Dat dit feit geen aanleiding geeft tot treurnis is omdat de maatschappij die ons heeft gegeven wat wij kennen als Afro-Amerikaanse literatuur, een maatschappij is die zwarte Amerikanen toen niet wilden en nu zeker niet willen. Door Jim Crow te consolideren door middel van geweld, wetten en rechterlijke uitspraken, sloten de zuidelijke staten veel van de mogelijkheden tot politieke en sociale participatie af die voor de zuidelijke zwarten waren ontstaan tijdens de wederopbouw en die erin waren geslaagd verschillende vormen van oppositie te overleven in de twee decennia nadat het compromis Hayes-Tilden uit 1877 effectief een einde maakte aan de radicale wederopbouw. Het was in reactie op het opkomende tij van rechteloosheid en segregatie dat de roep om zwarte Amerikanen een eigen literatuur te laten produceren zich begon te verspreiden en vorm begon te geven aan de zwarte literaire praktijk.
In het licht van de recente literaire kritiek kan mijn bewering verkeerd lijken.
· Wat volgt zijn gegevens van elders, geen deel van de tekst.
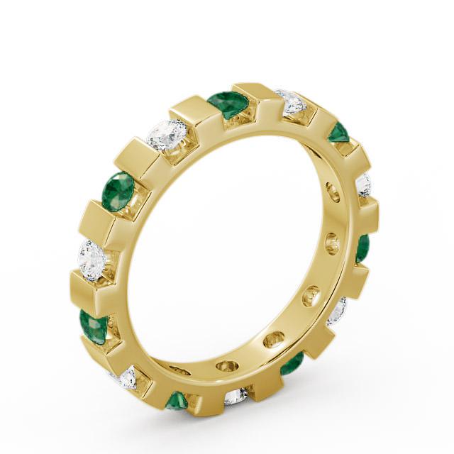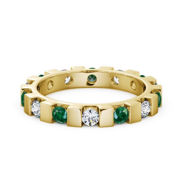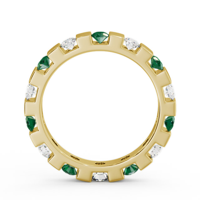 Anila full eternity emerald and diamond 0.91ct ring in a 18K Yellow Gold setting. An alluring eternity design, this elegant ring is bar set with alternate 0.49 Carat round emeralds and sparkling round diamonds totalling to 0.42 Carat. This ring is available in a range of metal options with AAA grade gemstone. We offer a free design service for any customised changes that you may require.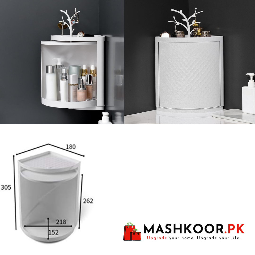 Rotating Triangle Rack Wall Dust Storage Rack Bathroom Corner Makeup Storage - White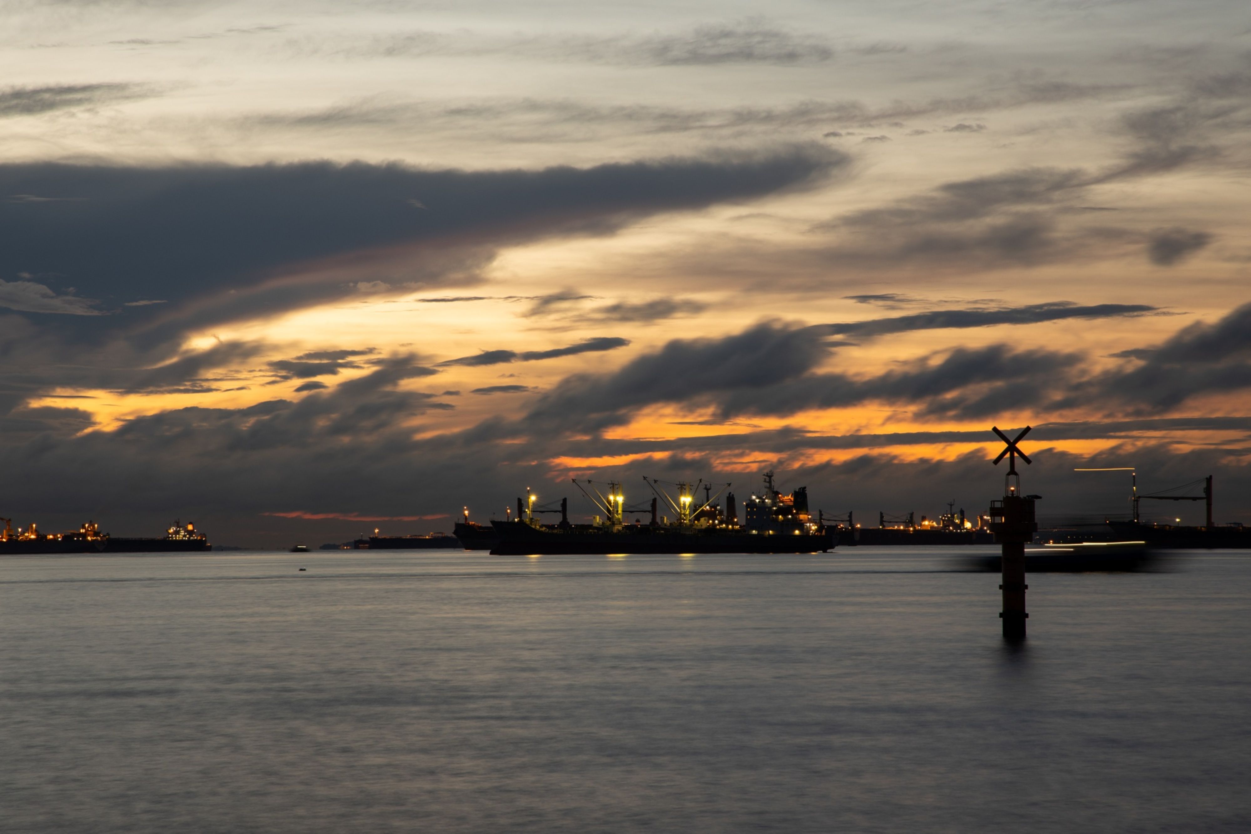 Cargo ships sit moored at sunrise in Singapore, Singapore. (Photographer: SeongJoon Cho/Bloomberg)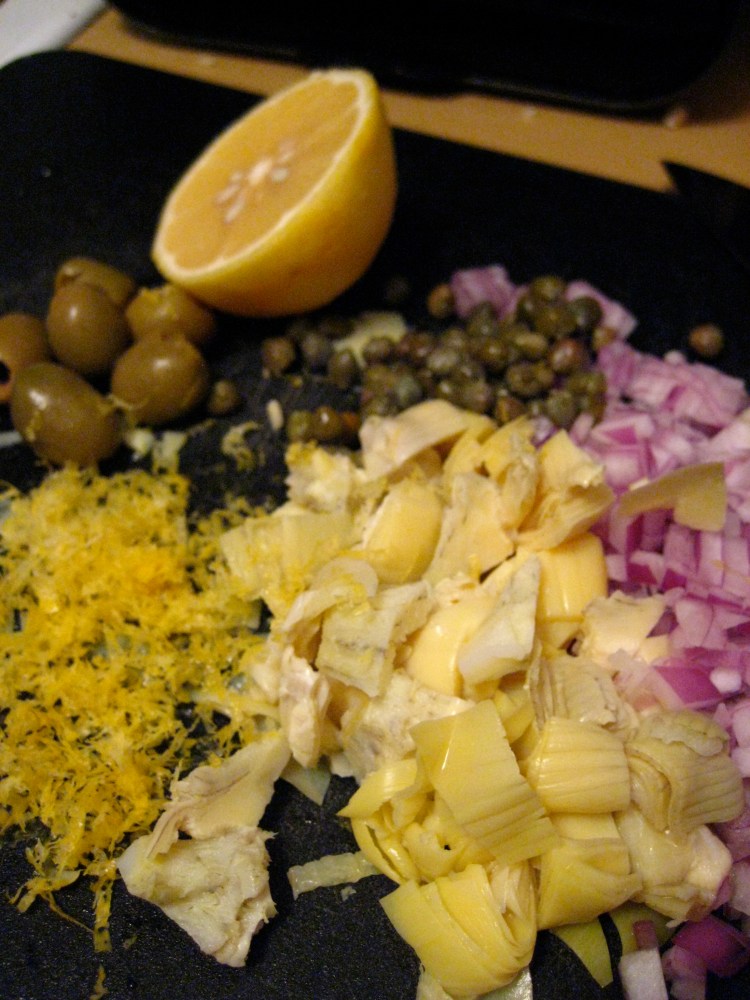 Meanwhile, saute kale in 1 tablespoon of olive oil till tender. You may need to add more oil or even some water. Remove to a small bowl and set aside. Saute chopped up half moon shallots in 2 teaspoons olive oil for 1 minute or so. Remove to small bowl.
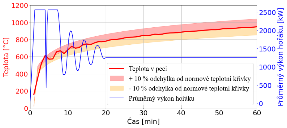Během experimentu byl výkon hořáků řízen tak, aby sledoval křivku ISO 834. Po 6 minutách začala oscilace výkonu, fixace nastala po dosažení 800 °C ve 20. minutě (Obr. 14). Naměřené hodnoty uvedené na Obr. 15. a 16 byly v následující části využity pro validaci numerických modelů a porovnání vývoje teploty a deformací s výsledky simulací.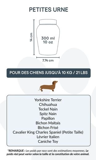 Keramische hondenurn met een subtiele illustratie, naam en data. Een gepersonaliseerde urn voor hondenas, ontworpen om je huisdier met eenvoud en zorg te eren.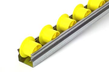 Minicarril P=50 Aleta (Amarilla). Compuesto por un perfil de chapa galvanizada y perforada de 0,8 mm de espesor, con roldanas de polipropileno (polietileno en caso de -30ºC) inyectado y montado en varilla de acero pulido de diámetro 3 mm. Con un corte preciso de ± 1 mm, el material se servirá siempre cortado y montado a la longitud indicada por el cliente.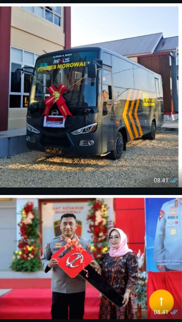 Wakil Bupati Morowali Menyerahkan Bantuan 1 Unit bus Kepada Polres Morowali Bentuk Dukungan Pelayanan Kepada Masyarakat.
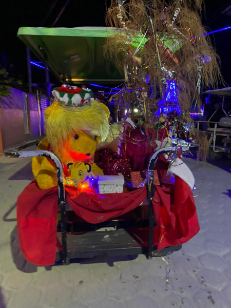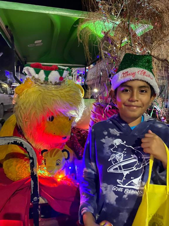 Accompanying the Lions was the island’s band Rompe Raja singing classic Christmas carols, and along the route, they distributed candies and apples to both children and adults. Many families came out of their homes, waved, thanked the Lions for the treats, and even danced and sang with Rompe Raja. Even people in restaurants took a pause from their dinner to greet the Lions and share the Christmas spirit.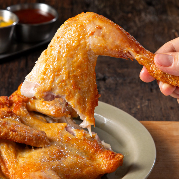 옛날식 치킨을 유명 브랜드 레시피 그대로 가져왔어요! 통째로 튀겨내 원하는 부위를 뜯으면 드러나는 촉촉한 속살, 그리고 한 입 가득 바삭한 겉면의 식감을 즐길 수 있죠. 엄선한 국내산 닭고기를 사용했으니 믿고 쟁여보세요.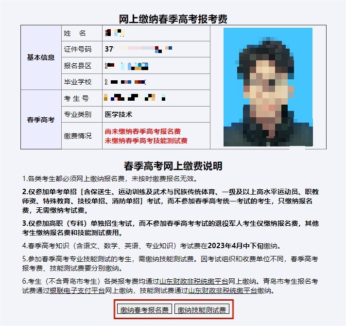 3.因考试组织和收费单位不同,夏季高考报考费、艺术类专业统一考试费、体育类专业测试费要分别缴纳。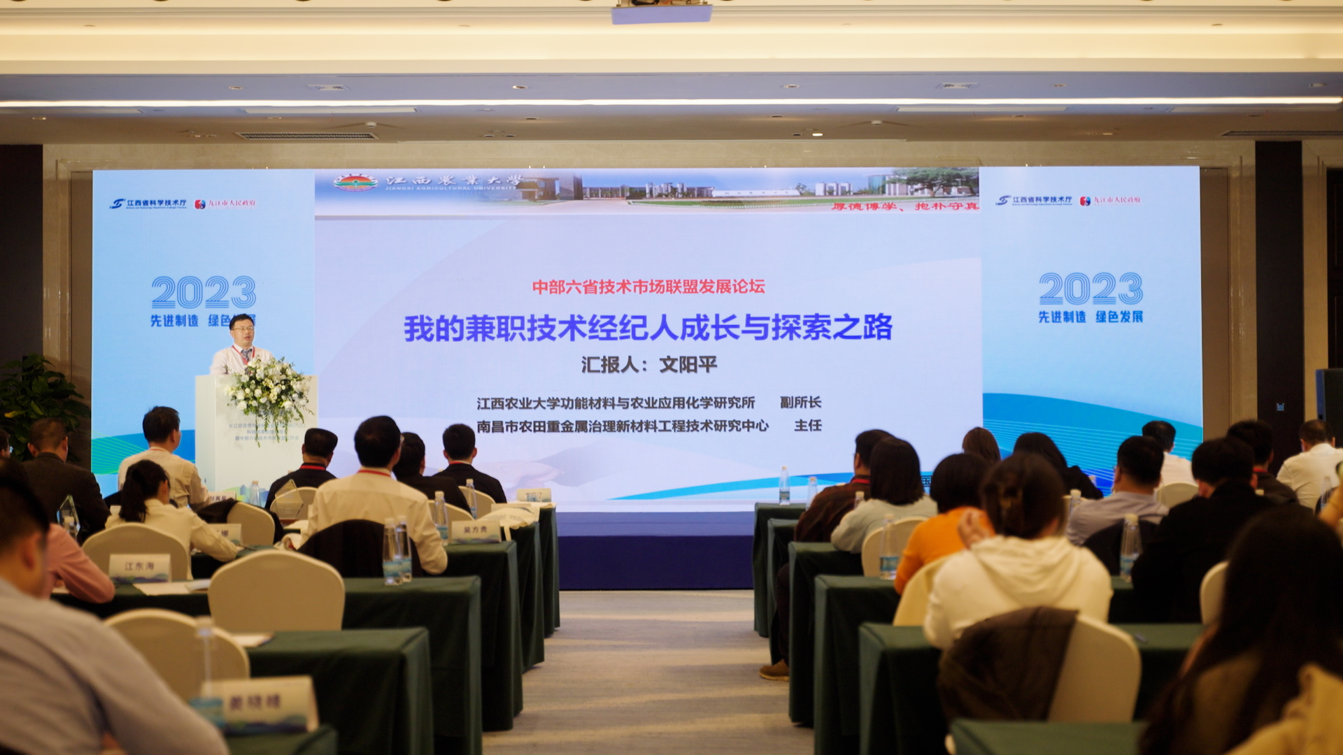 中部六省技术市场联盟发展论坛上,2023年度江西省技术经理人TOP10榜单发布并颁奖,其中,我校青年教授文阳平博士荣获江西省技术经理人TOP10榜首。会上,文阳平分享了他兼职技术经纪人成长与探索之路,通过典型案例分析如何做兼职技术经纪人及其成效,同时从成果需求方、供给方和技术经纪人服务方三个角度指出技术经纪人服务科技成果转移转化存在问题和解决办法,最后提出了“政产研服”四位一体技术经纪人新模式。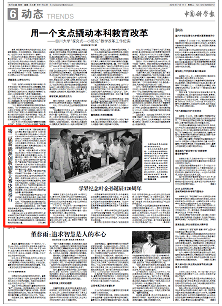 7月17日出版的《中国科学报》第6版以“第二届新能源创新创业大赛决赛举行”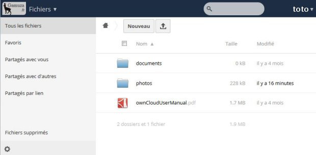 La connexion à votre espace de stockage en ligne doit vous amener sur la page de gestion de vos fichiers qui contient par défaut un dossier « Documents », un dossier « Photos » et le pdf du manuel de l’utilisateur (en anglais).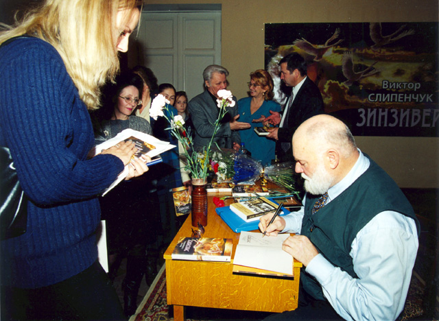 Презентация романа «Зинзивер» в областной библиотеке. Корреспондент Светлана Кукина и Виктор Слипенчук. Нижний Новгород. 2001 г.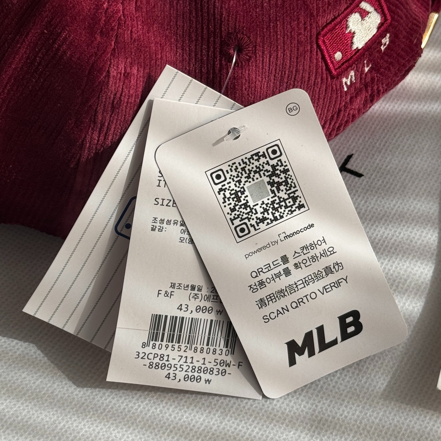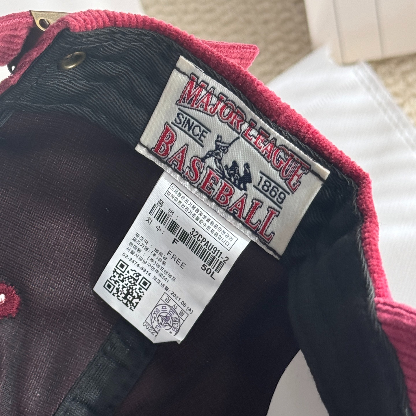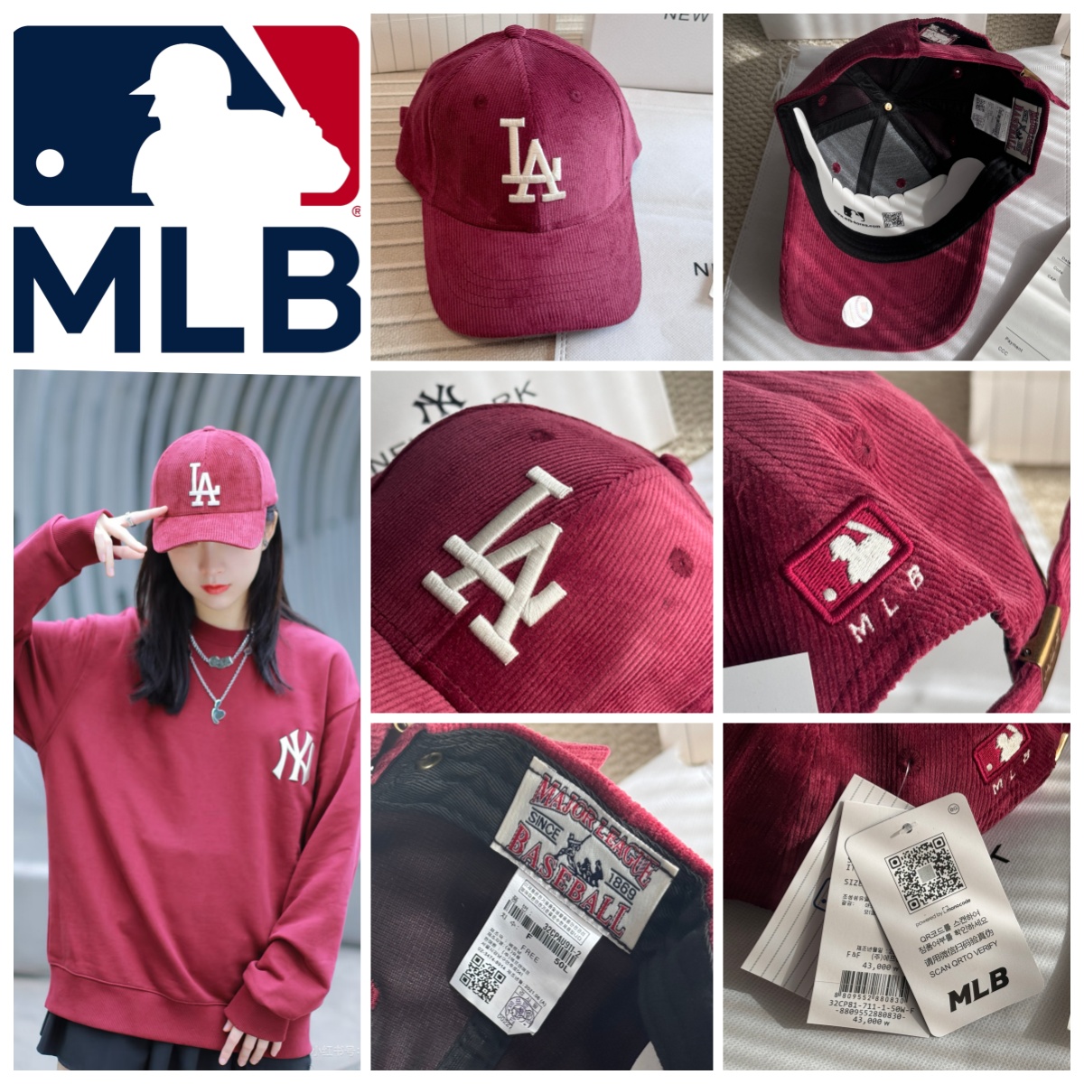 MLB 燈芯絨刺繡字母棒球帽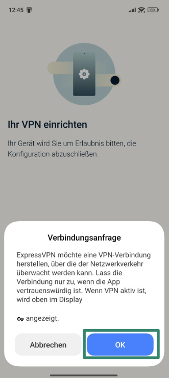 - Erlaube ExpressVPN, VPN-Verbindungen einzurichten, wenn Du dazu aufgefordert wirst.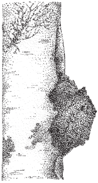 Участки, прилегающие к стволу, содержат не только гифы гриба, но и клетки древесины.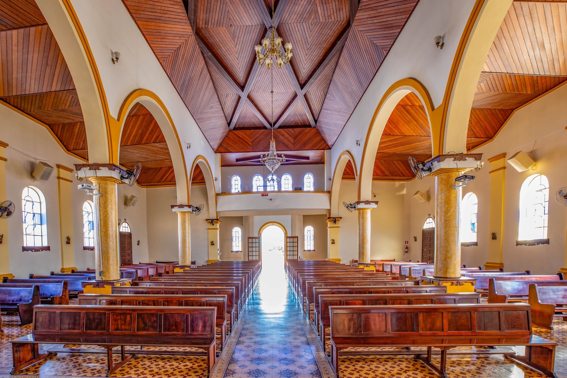 Fachada marcada por elementos clássicos e simétricos, com torres laterais, janelas em arco e frontão triangular central com uma cruz. Pintada em cores suaves, tem em frente a sua entrada a escultura de Nossa Senhora da Guia, posicionada na praça principal.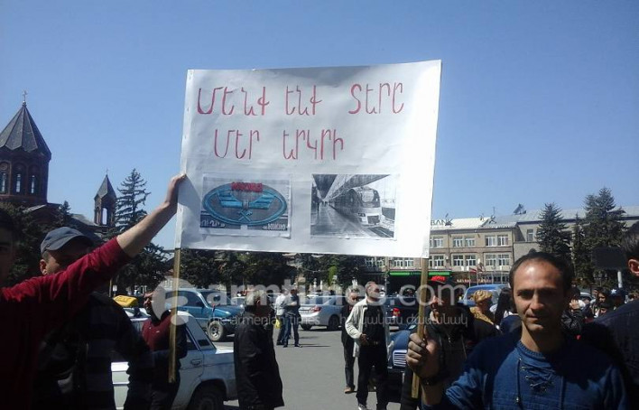 Ցուցարարներին Գյումրիում միացել են Հարավկովկասյան երկաթուղիներ ՓԲԸ աշխատակիցները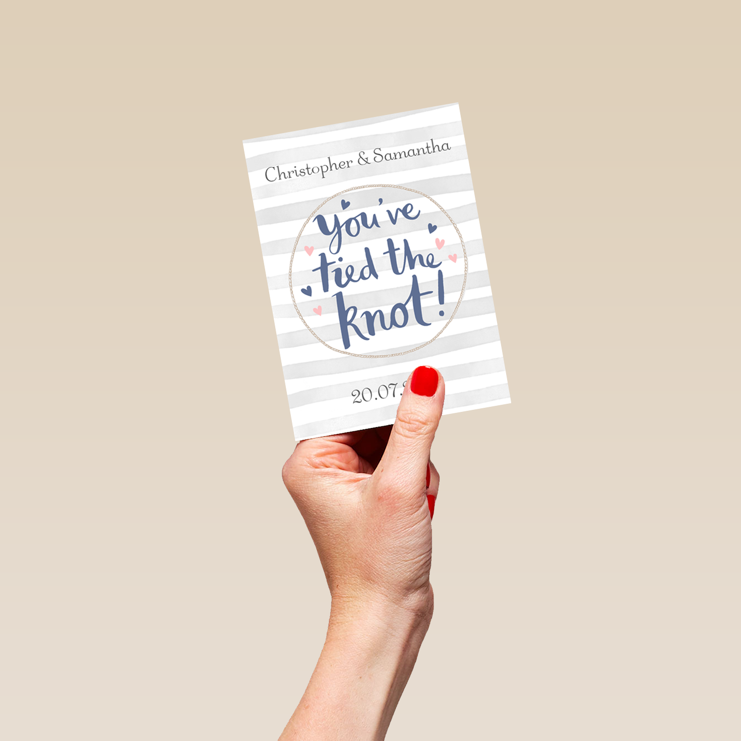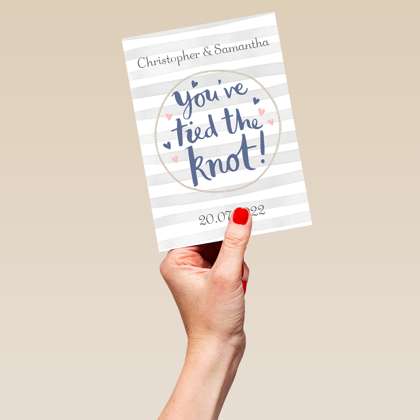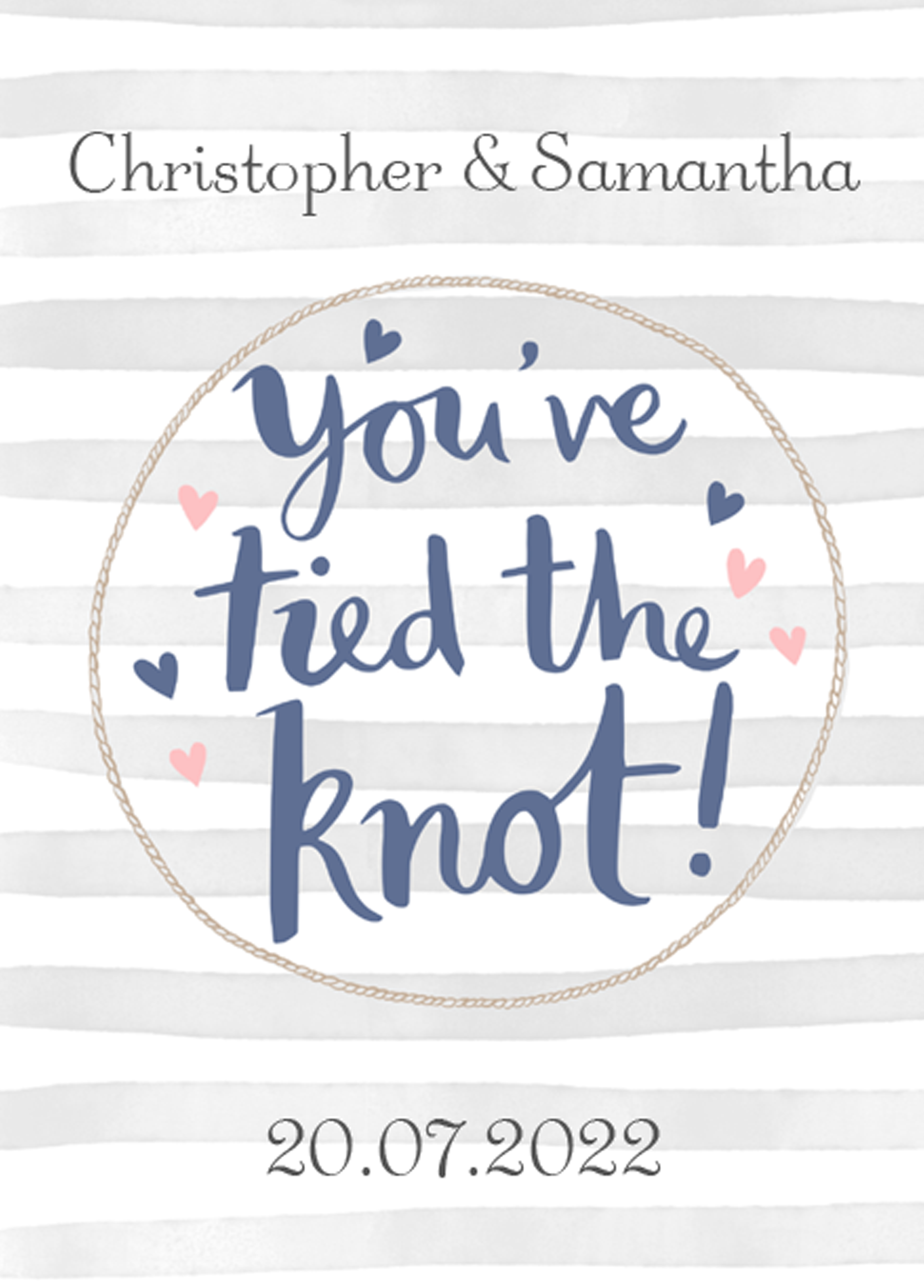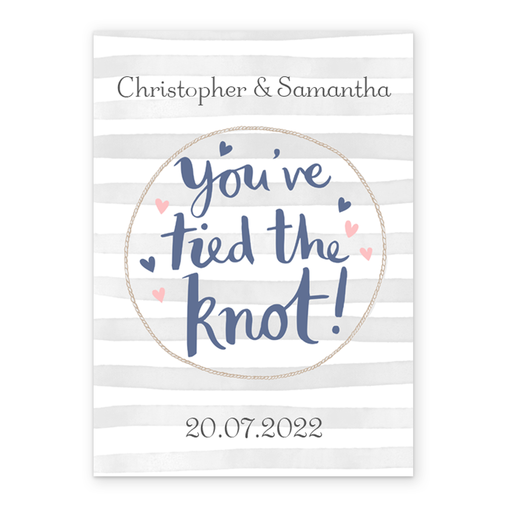 Show them you care with a personalised tied the knot wedding theme card from Hallmark. Our wedding cards are printed on premium quality, FSC®-certified card & delivered nationwide. This card is available as standard 12cm by 16.7cm and large 15.5cm by 21.6cm.

Veel wetenschappers hebben getracht een langere kijk op de Afro-Amerikaanse literatuur te rechtvaardigen: Sommigen stellen dat wat de Afro-Amerikaanse literaire teksten definieert de manier is waarop zwarte auteurs, bewust of onbewust, retorische praktijken, mythen, folklore en tradities die afkomstig zijn van het Afrikaanse continent, hebben bewerkt. Anderen definiëren de Afro-Amerikaanse literatuur aan de hand van het langdurige slavernijverleden, en zien zelfs de hedendaagse zwarte literatuur als onuitwisbaar getekend door de manier waarop tot slaaf gemaakte zwarten omgingen met de wreedheden van de Midden Passage. Zeker, vóór de Burgeroorlog hadden abolitionisten de zwarte prestaties in de literatuur aangehaald en aangemoedigd om beschuldigingen van zwarte inferioriteit te weerleggen. Maar meestal wilden ze aantonen dat zwarten literatuur konden produceren, niet dat ze een aparte literatuur moesten produceren.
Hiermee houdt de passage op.